В дальнем углу огорода поднялась над жирным гречишником старушечья голова, повязанная серым платком. Старуха поглядела из-под руки, зашумела:
— Гуляй, ирод, нагуливайся! Я тя выкормлю, как зима подскочит! — И скрылась.
— Хе... Воспитывает, — нисколько не смутился дед. — А ты кто будешь Андрюшке-то?
— Никто.
— Вот и я вижу — никто. К девке, значит... Девка у них крутая, ядреная. Шешнадцать уж ей. А ты женись и не оглядывайся. — Дед сам почему-то оглянулся туда-сюда, приблизился, обдавая перегаром. — Выбирай корову по рогам, а жену по родам. А Туровы — люди стоящие, корневистые, истинный бог. Сам не шахтер? Шахтер. А то бы зашел? Бражка-то?.. Нет. Ну, гляди. Вот так вот, значит, и вознимайся к Туровым, — показал вверх по улице.

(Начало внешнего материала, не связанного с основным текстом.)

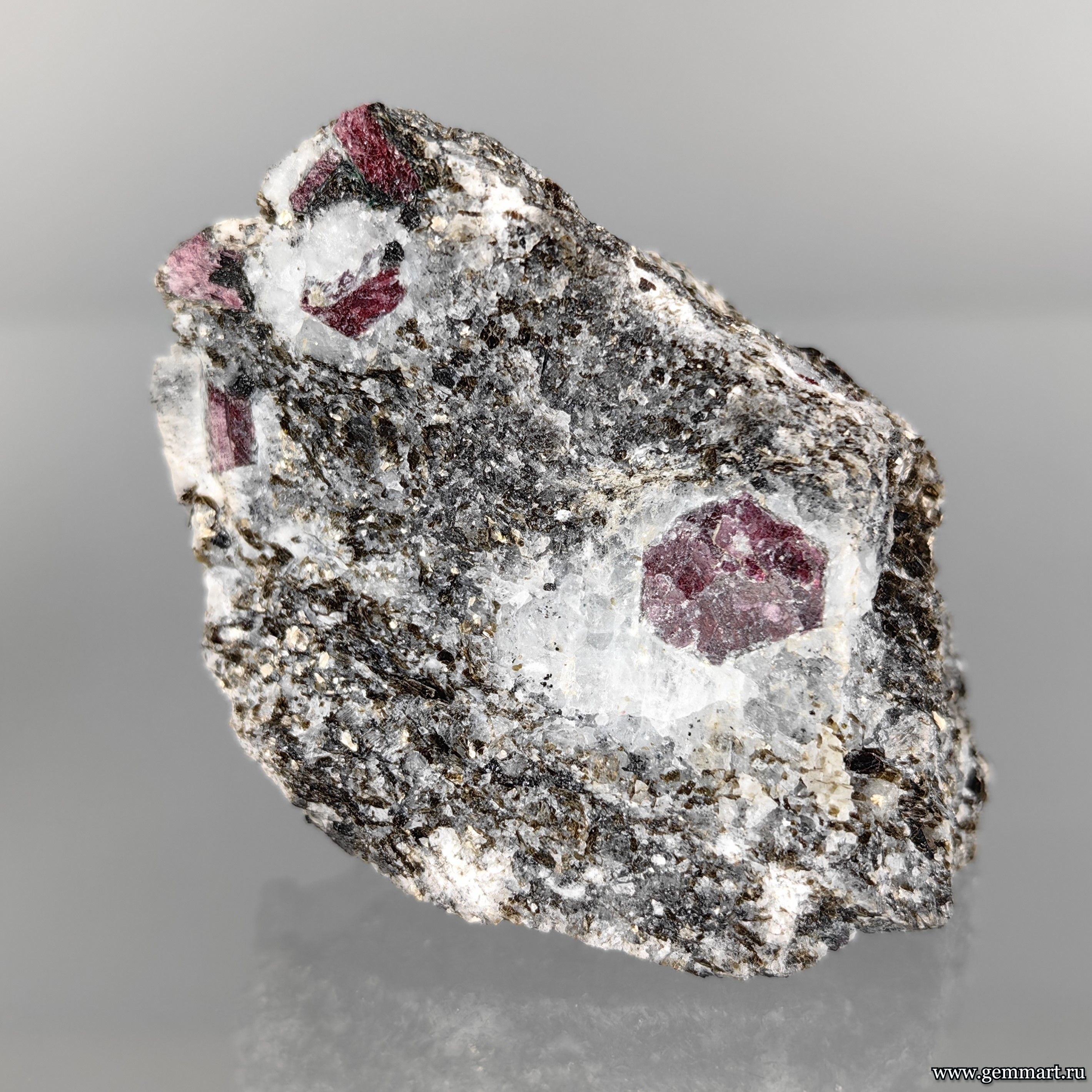 | Описание | Корунд, фрагмент кристалла в слюдите. Редкость! |

Михаил пошел, улыбаясь добрым словам старичка и тут же забывая про него от пугливого волнения перед тем, что будет через семь домов от избушки.

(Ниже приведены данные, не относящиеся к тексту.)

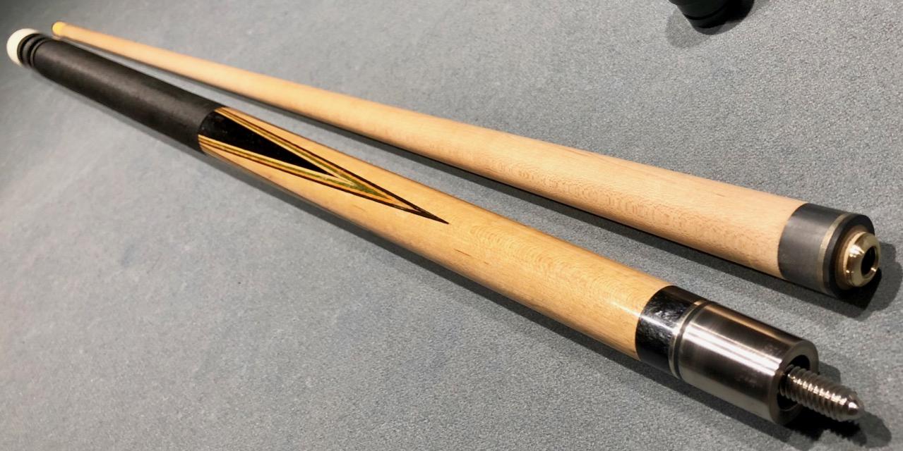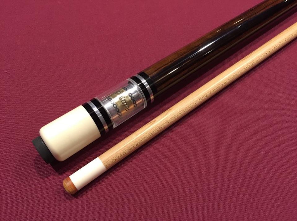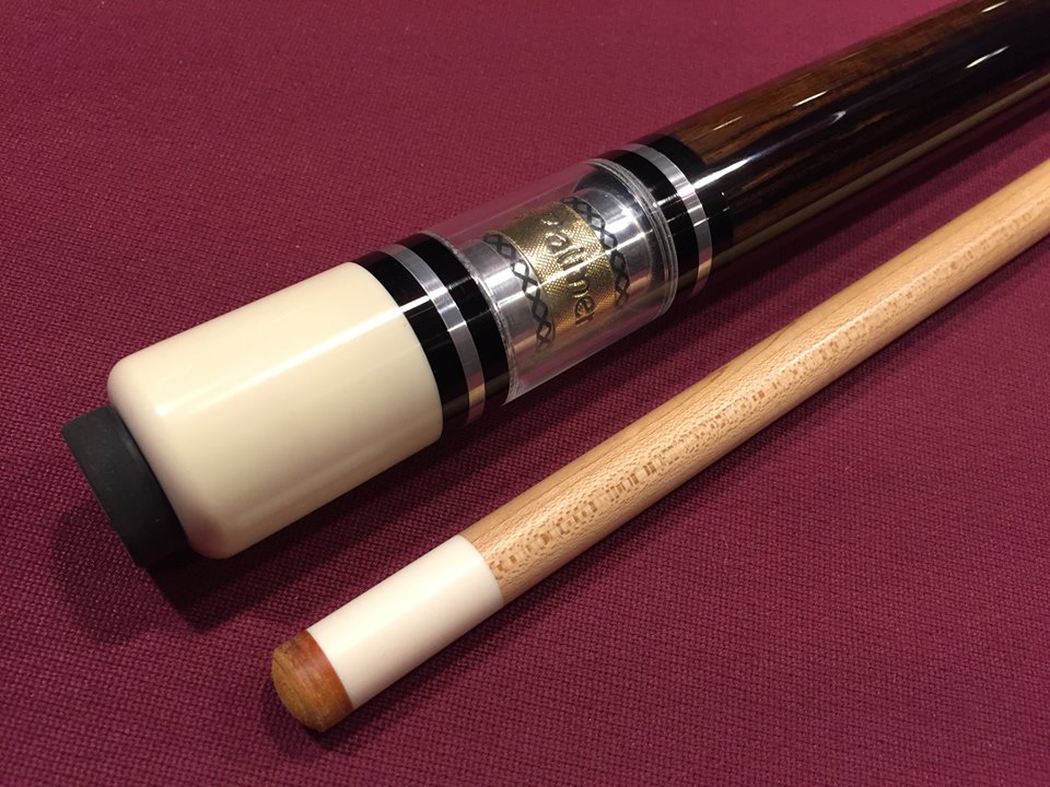 The Paradise is original. I purchased the Palmer already refinished with an incorrectly shaped replacement butt cap and non-original black wrap. After speaking with the second owner of this cue who bought it from the Gartner family, I was able to determine that the cue was originally wrapped with green speck linen and that the 13.75mm shafts were original to the cue. The case is a modern case and not original to either cue.

Тайно влюбленные создают себе особый мир понятий и представлений, где все наоборот: то соломинка видится бревном, то бревно — соломинкой. Михаил будто гири-пудовки на ногах волок, и чем ближе был восьмой дом, тем тяжелее поднимался: «Что я скажу? Ну что я скажу?!» — И оглядывался, как бы примериваясь задать стрекача под гору.
Но вот и дом: серый, бревенчатый, с большими окнами и с верандой на север, в сторону города, стоит высоко, в глуби усадьбы так, что основание фундамента намного выше его, Михаила, притаившегося за кустом сирени у калитки.
— Миша! Свешнев!..
Его увидели раньше. Выше дома, в широком прогале меж садовых деревьев, копали картошку. Валентина бежала, оступаясь в мягких осыпях перекопанного, раскинув руки, точно пытаясь кого поймать…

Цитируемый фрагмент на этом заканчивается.